- Born: 1847 Russian Empire
- Died: Unknown
- Allegiance: United States of America
- Branch: United States Navy
- Rank: Seaman
- Unit: USS Trenton
- Awards: Medal of Honor

= Alexander Haure Turvelin =

American Medal of Honor recipient

Alexander Haure Turvelin (born 1847, date of death unknown) was a United States Navy sailor and a recipient of the United States military's highest decoration, the Medal of Honor.

Born in 1847 in the Russian Empire, Turvelin immigrated to the United States and by February 1881 was serving as a seaman on the . Sometime during that month, while Trenton was at Toulon, France, Coxswain Augustus Ohlensen fell overboard and, because he could not swim, began to sink.
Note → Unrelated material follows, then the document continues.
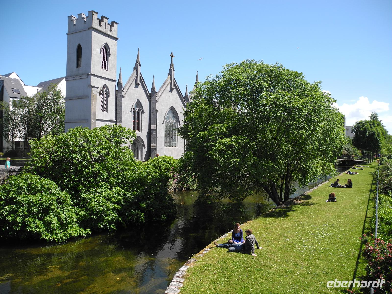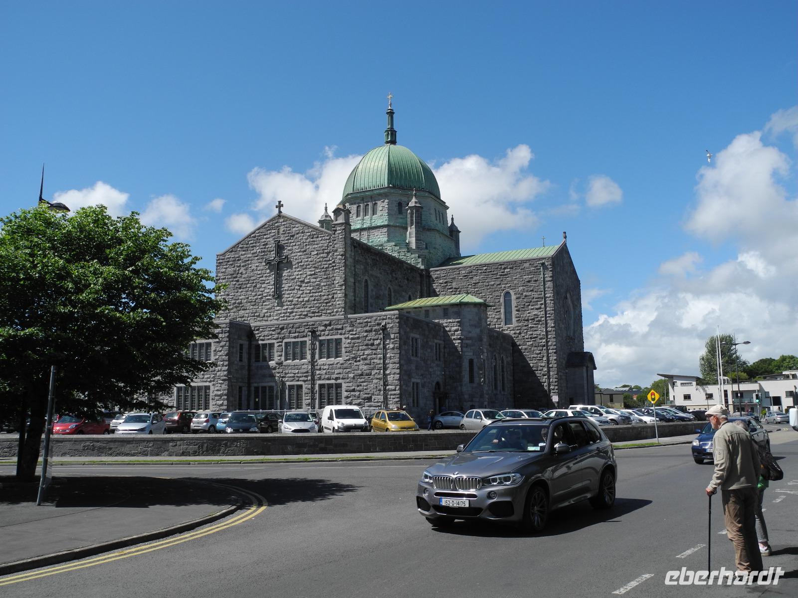 Auch wenn mancher aus unserer Gruppe geglaubt hatte, nun seinen Koffer in dieses Hotel tragen zu dürfen mussten wir dann nach einer schönen Rast mit diesem tollen Ausblick weiter gen Süden fahren, nämlich in den County Galway.Am Eingang von Galway, im mondän wirkenden Stadtteil „Salthill" zwang uns die Sonne quasi zu einem weiteren Stopp und einem Spaziergang an der schicken Strandpromenade, wo man am Ende den typischen „kick the wall" auszuführen hat, bevor man wieder in Richtung Innenstadt Galway zurück läuft. Dies ist kein Touristenulk, sondern ganz gewöhnliches Procedere der Bewohner von Galway.Danach, direkt in Galway-Stadt parken wir unseren Bus nahe der imposanten Kathedrale, um anschließend diese tolle, jugendliche Stadt zu sehen.

Turvelin and another sailor, Ordinary Seaman John Davis, jumped into the water and rescued Ohlensen from drowning. For this action, both he and Davis were awarded the Medal of Honor three and a half years later, on October 18, 1884.

Turvelin's official Medal of Honor citation reads:
For jumping overboard from the U.S.S. Trenton, at Toulon, France, February 1881, and rescuing from drowning Augustus Ohlensen, coxswain.

Details of his later life and burial are unknown.